● Problem to work on
In the records below, find the line containing "Норвегия в понедельник" and the line containing "搭上渡輪,在船上就發現歐美遊客非常的多,仔細回想前一天在廣島市區時,歐美人也是". Give again exactly those lines and every line between them, omitting the pictures.

● Record set
Content starts
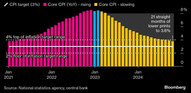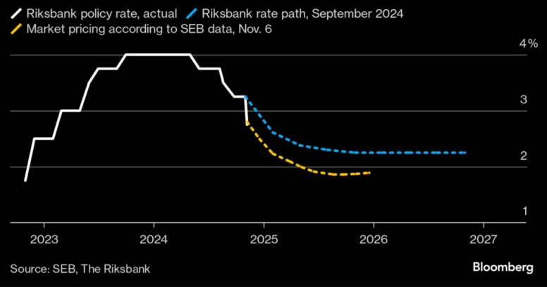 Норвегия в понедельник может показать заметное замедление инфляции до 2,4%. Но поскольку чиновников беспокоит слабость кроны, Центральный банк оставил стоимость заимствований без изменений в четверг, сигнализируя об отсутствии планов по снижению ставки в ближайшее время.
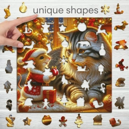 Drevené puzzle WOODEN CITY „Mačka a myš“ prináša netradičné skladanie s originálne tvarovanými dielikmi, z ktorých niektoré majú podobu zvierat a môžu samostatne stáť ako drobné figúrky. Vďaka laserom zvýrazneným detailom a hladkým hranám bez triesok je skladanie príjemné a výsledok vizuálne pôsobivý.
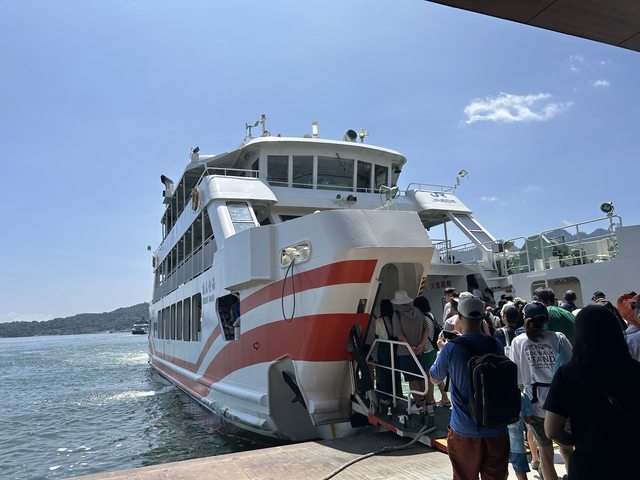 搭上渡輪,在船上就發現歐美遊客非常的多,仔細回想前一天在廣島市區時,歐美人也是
Content ends
Content starts
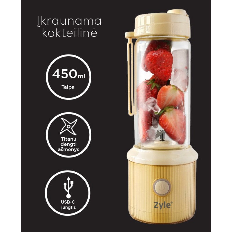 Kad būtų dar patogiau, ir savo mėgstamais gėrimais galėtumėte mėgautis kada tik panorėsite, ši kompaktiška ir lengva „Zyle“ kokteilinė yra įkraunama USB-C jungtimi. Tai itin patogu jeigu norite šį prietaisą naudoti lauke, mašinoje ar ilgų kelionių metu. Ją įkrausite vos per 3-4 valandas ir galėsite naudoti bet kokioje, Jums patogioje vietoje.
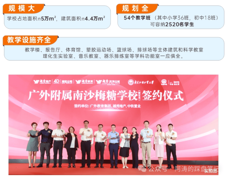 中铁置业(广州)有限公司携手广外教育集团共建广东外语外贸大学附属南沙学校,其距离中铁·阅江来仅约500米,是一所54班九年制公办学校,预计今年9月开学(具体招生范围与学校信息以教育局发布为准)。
Content ends
● Result for this exercise
 Норвегия в понедельник может показать заметное замедление инфляции до 2,4%. Но поскольку чиновников беспокоит слабость кроны, Центральный банк оставил стоимость заимствований без изменений в четверг, сигнализируя об отсутствии планов по снижению ставки в ближайшее время.
 Drevené puzzle WOODEN CITY „Mačka a myš“ prináša netradičné skladanie s originálne tvarovanými dielikmi, z ktorých niektoré majú podobu zvierat a môžu samostatne stáť ako drobné figúrky. Vďaka laserom zvýrazneným detailom a hladkým hranám bez triesok je skladanie príjemné a výsledok vizuálne pôsobivý.
 搭上渡輪,在船上就發現歐美遊客非常的多,仔細回想前一天在廣島市區時,歐美人也是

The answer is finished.